Even if a friendly tail wag did not greet you at the front door, it can be evident that a pet lives there when you walk into someone’s home. It could be the smell of pet odor. Or maybe it’s those telltale tufts of shedded hair swirling in the air as the front door shuts. Today’s homeowners, however, are actually designing and redecorating living spaces with their pets’ needs in mind, turning pet-friendly decorating into a full-blown trend.
“You can have a beautiful house and a pet, too,” says Julia Szabo, pet columnist for the New York Post. She recommends using forethought and discipline to keep your house pet-friendly.
Vigorous vacuuming is a must, of course, even if you don’t see pet hair and especially during those times your cat or dog is shedding. Because you may be immune to it by now, you may not realize that pet hair has an odor. It also contains an oil that will attract dirt to the fabric upon which it falls. Szabo suggests you invest in a powerful vacuum that can collect and contain all that hair.
Want everything to stay cleaner? Then bathe and groom your pets regularly. Trimmed nails won’t scratch floors, ruin upholstery, shred drapery or make your screen doors look like modern art. Routine brushing and bathing can remove loose hair that can end up on your floor, your bed, your curtains, and even your food.

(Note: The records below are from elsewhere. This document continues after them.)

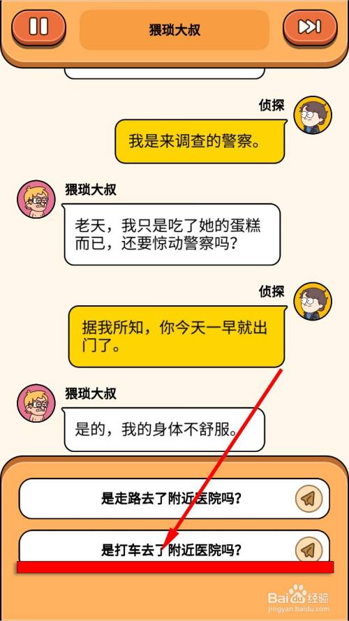 大叔说是的因为身体不舒畅,大侦察问【是打车去了四周的病院吗】
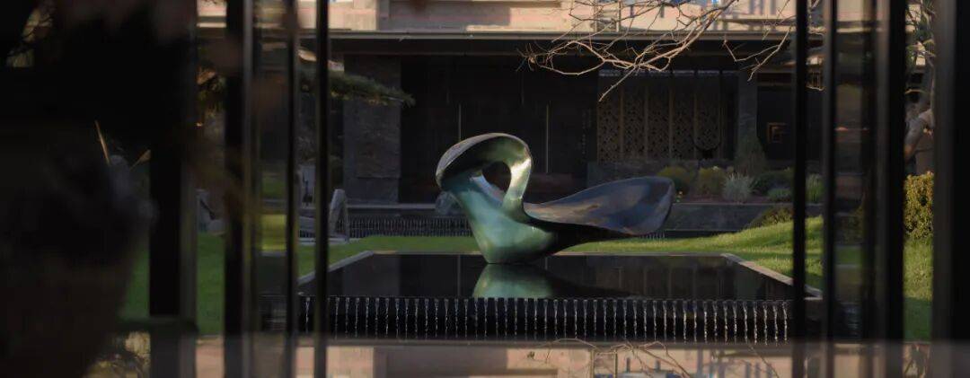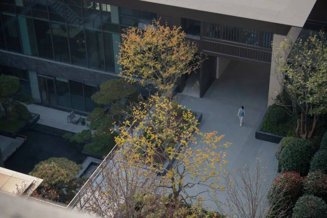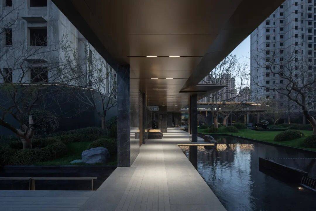80米风雨连廊,“光影婆娑,枫枝摇曳”。归家之路如漫步艺术展廊,风雨无阻。廊外草坪缓舒,一池静水映天;艺术雕塑以灵动线条演绎人与自然共舞的形态,在光影雕琢下成为立体画卷。
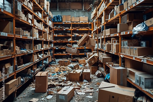 Chaos in Warehouse: Boxes Falling, Messy Inventory
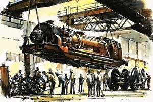 A Beyer-Garratt boiler section lifted clear of the two end units during an overhaul
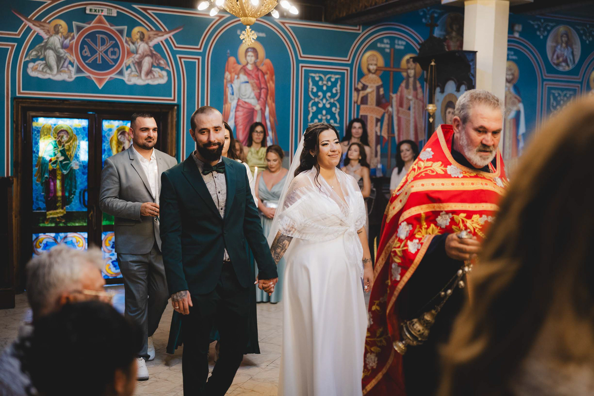 Сватбеният ден официално започна. Въпреки септемврийската жега в Бургас, всички се отправихме към храм „Свети Иван Рилски“. Там ни очакваше тържествената атмосфера на предстоящия църковен ритуал и вечният обет, а свещеника беше готов за празничният звън на камбаните, който да даде звучен старт на новия съвместен път за Росен и Анна-Мария.

It’s a heck of a lot easier and less expensive to clean your dog than your upholstery, and it’s usually a more fun exercise.
Let’s put the idea of having silk, chintz or the velvet furniture and drapery surfaces to rest. Szabo has evidently discovered the joys of a fabric aptly named Crypton, a synthetic fabric resistant to stains, smells, bacteria, and even muddy paws. Or consider leather and leather along with its wannabes. All good choices, easy to clean and durable. Then there are those yummy fake suedes and pet-friendly machine-washable microfiber fabrics that stand the test of time.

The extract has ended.